La complicité avec les Cocodiles amène Dino à des situations parfois cocasses, comme en novembre 1987 : « Un soir de victoire à Ajaccio, Desrousseaux et Anigo m’ont embarqué en boîte de nuit et ils m’ont ramené un peu pompette. Je ne sais pas ce qu'ils avaient mis dans mon verre. Ils m’ont porté jusqu'à l’hôtel. Je n’avais pas l’habitude de boire. Tout le monde s’est marré, mais je me suis dis que les joueurs m’appréciaient puisqu’ils me mêlaient à eux de cette façon. On était copains ». Mais les meilleures choses ont une fin, et en 2002 Dino quitte le NO : « J’avais Nîmes Olympique, mon cabinet et je travaillais aux Franciscaines. Je suivais aussi mon fils ainé qui commençait la compétition de cyclisme. Mais Je n’avais plus de vie ».
« Marius Zampa est mon petit petit cousin »
Les Crocodiles sont alors loin des yeux, mais pas loin du cœur du Bouillarguais : « Cela fait quelques mois que je n’y vais plus, car la situation actuelle m’a mis un coup au moral mais je pense que l'arrivée d'Adil Hermach est une bonne chose ». Cela ne l’empêche pas de suivre quotidiennement l’actualité du NO qui s'est involontairement rapproché de lui en 2022. « Marius Zampa (NDLR cinq matchs avec les professionnels qui est aujourd’hui à Gueugnon) est mon petit petit cousin et je me suis un peu occupé de lui ». Une fois l’heure de la retraite arrivée, Dino continue à pédaler deux à trois fois par semaine et jamais moins de deux heures et demie.

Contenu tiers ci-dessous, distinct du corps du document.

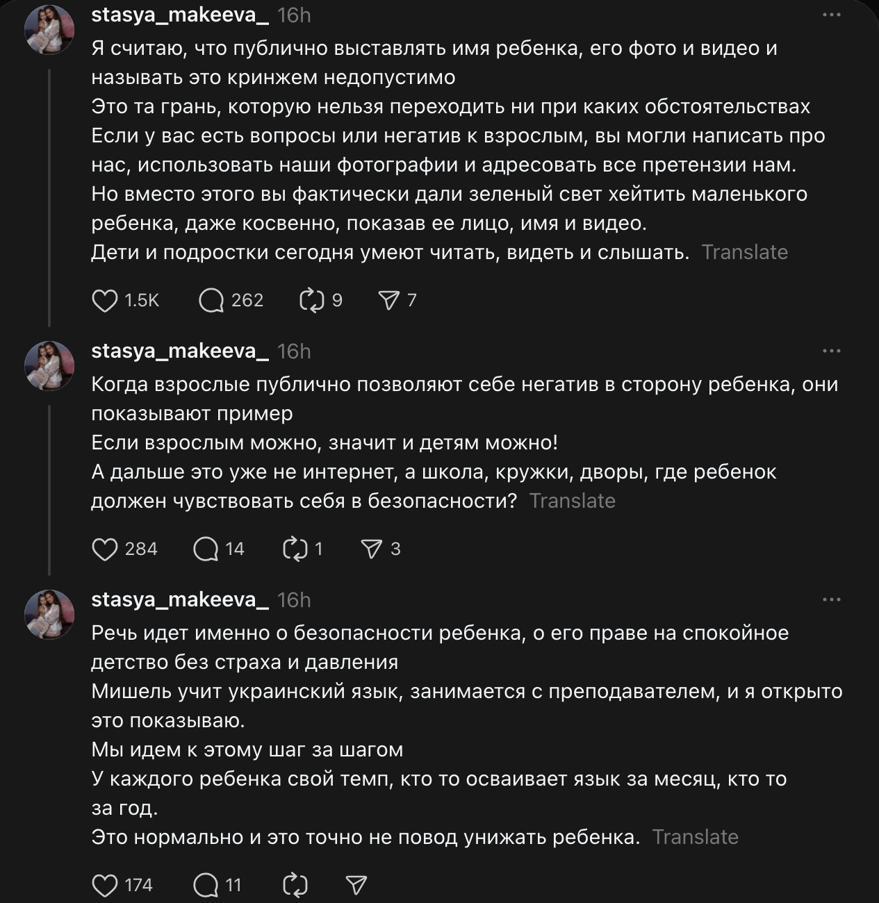 - Жодній мамі і жодному ворогові не побажаю, щоб булили їхніх дітей! Я вважаю, що публічно виставляти ім'я дитини, її фото та відео і називати це крінжем неприпустимо. Це та грань, яку не можна переходити за жодних обставин. Якщо у вас є питання чи негатив до дорослих, ви могли написати про нас, використовувати наші фотографії та адресувати усі претензії нам. Але натомість ви фактично дали зелене світло хейту маленької дитини, навіть якщо побічно, показавши її обличчя, ім'я та відео. Діти та підлітки сьогодні вміють читати, бачити й чути, - написала Макєєва у Threads.
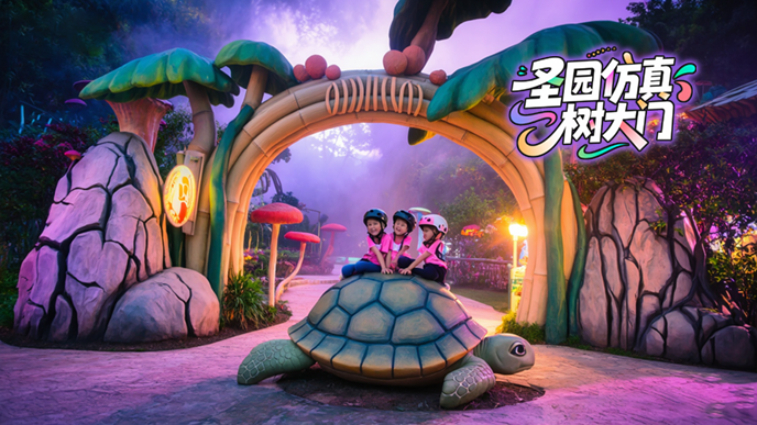 对比来看,设计图虽保留了 “古木” 的意境,但更偏重于视觉美感;修改后的仿真树大门实景则在安全与实用上实现了平衡 —— 加粗的树根让大门更显稳固,主要展现树干骨架美解决了户外仿真树叶维护难题,调整后的灯光既保留了氛围感,又避免了视觉杂乱。这种从 “理想设计” 到 “实景优化” 的转变,让仿真树大门既守住了设计初心,又更贴合园区的实际使用需求。
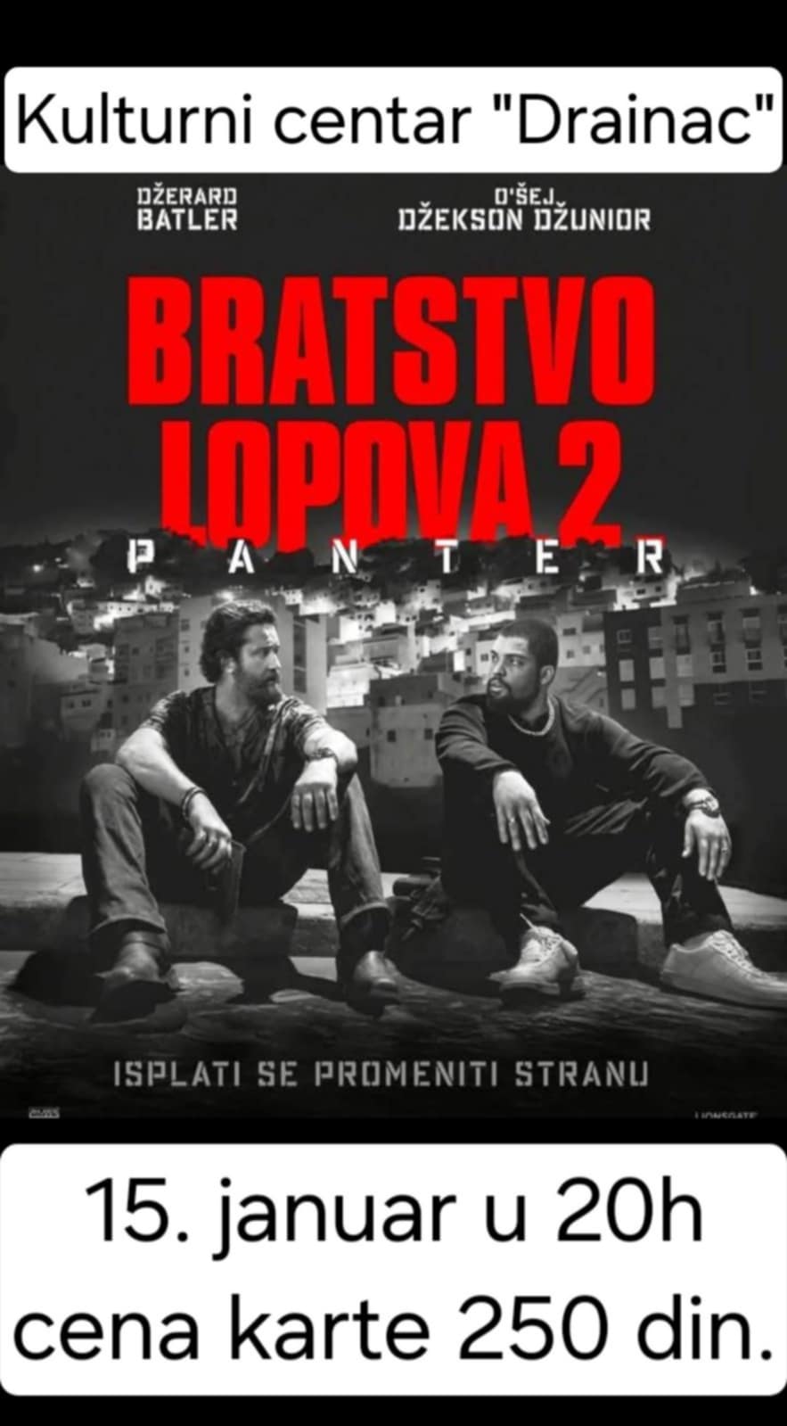 U bioskopu Kulturnog centra Drainac u Blacu film – Bratstvo lopova 2. Projekcija 15.januara od 20 časova. Cena karte 250 dinara.
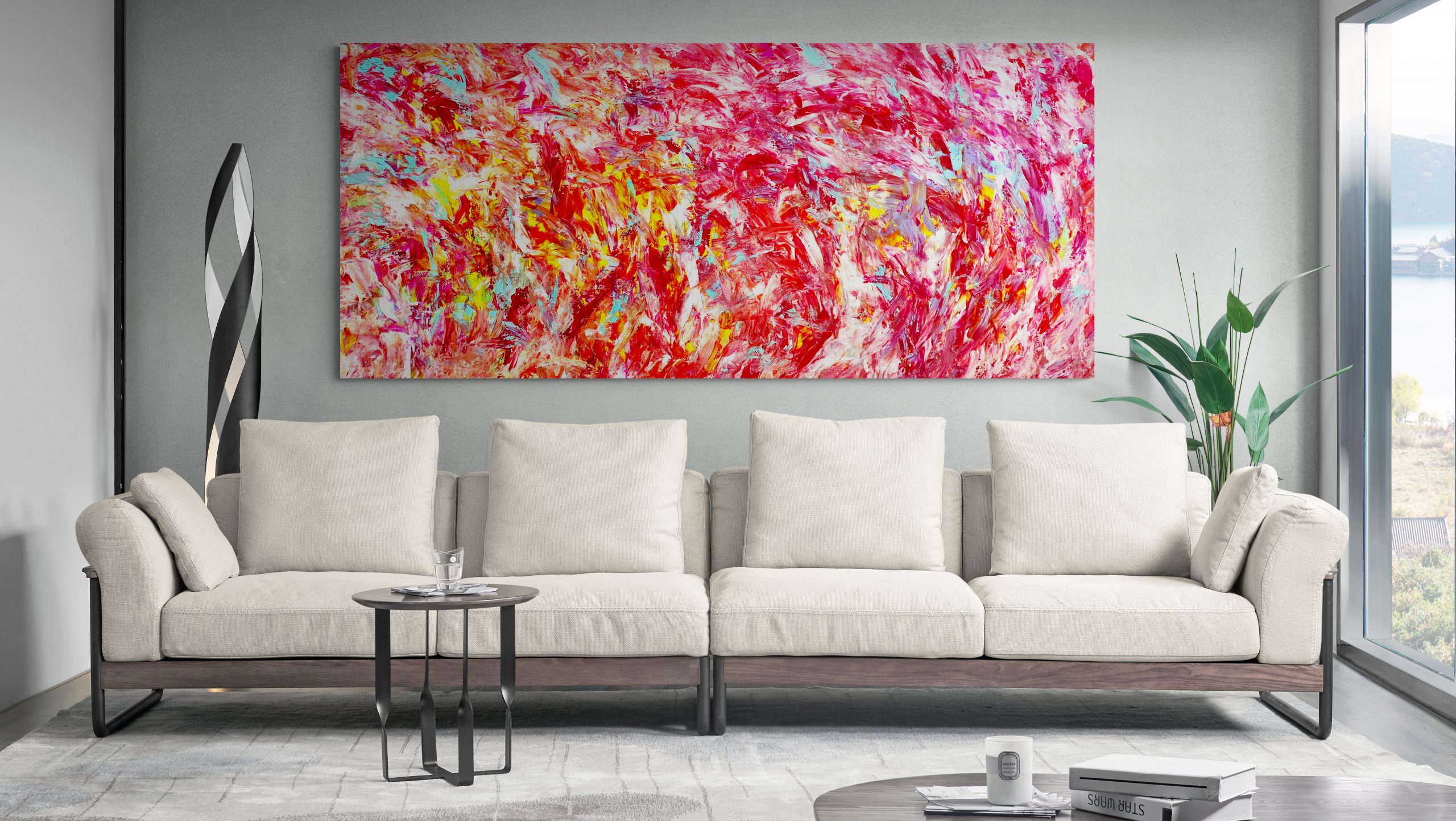This artwork is painted on professional-grade canvas stretched and sealed with varnish. The canvas has dimensions 225 cm in width by 100 cm in height. The painting wraps around the sides of the stretcher, so the sides are painted in the same style as the surface. As such it does not need a frame.
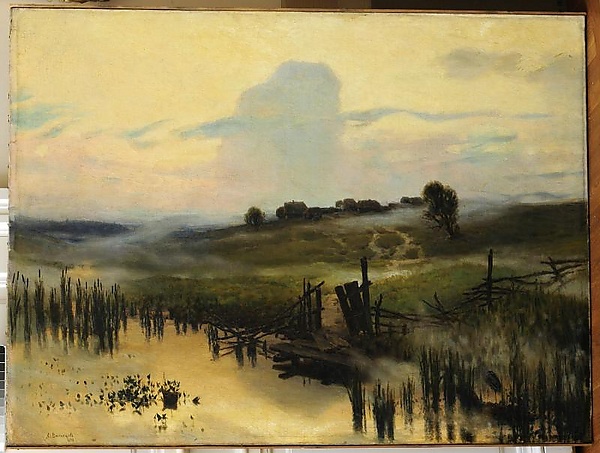 На первом плане изображён заросший камышом пруд, к которому ведут деревянные сходни. Справа вдали, на зелёном холме, расположена небольшая деревня и несколько деревьев. Слева видна низина, над которой стелется туман. Почти половину пространства занимает небо, освещённое розовато-жёлтыми лучами восходящего солнца. В центре композиции выделяется большое серое облако, а в воде отражается небо. В правой части, среди камышей, находится одинокая цапля.
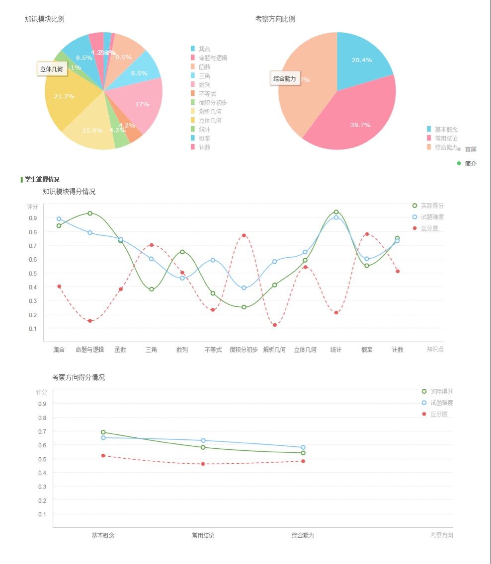 通过快乐学,老师可以调用任意知识点的题目,备课、布置作业、出题,学生交作业后,会生成分析报告,包括错误率、弱项、知识模块得分、综合能力等维度,将学生“分类”,老师再进行针对性的讲解。
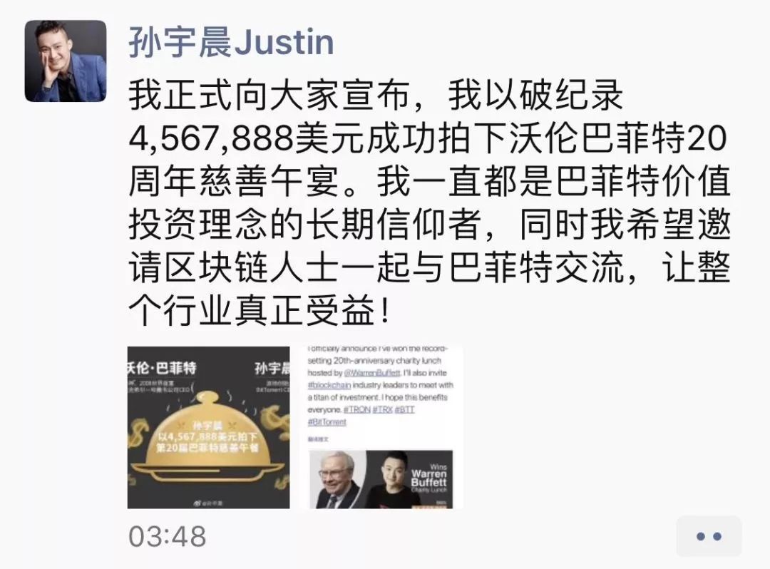 为了和巴菲特吃顿饭,广东籍90后孙宇晨花了3100w。

Un roman en 2021 et un recueil de poèmes en 2024
Il en a profité pour sillonner les routes du monde avec son épouse. Mais Marie-Pierre est décédée l’année dernière des suites d’une longue maladie. Pour lutter contre le chagrin et exprimer ses sentiments, Dino s’est plongé dans l’écriture. Il publie un premier roman en 2021 « Le souffle du destin » et ces dernières semaines, c’est un recueil de poèmes qui est paru intitulé « Rêveries », dans lequel Nîmes Olympique est présent. « Il y a des moments où ça vient très bien et d'autres un peu moins. Ça me fait du bien et cela permet de libérer des choses », explique l’auteur qui travaille sur un second roman.
Une fois que le Tour de France sera passé dans le Gard, Dino prendra la route en direction de la Grèce pour voyager comme il le faisait avec Marie-Pierre. Dans son camping-car il y aura des souvenirs et un vélo. Juste pour balader et peut-être aussi pour se rappeler les belles choses de la vie. Nul doute que la Grande Boucle 1978 sera présente dans les pensées du poète.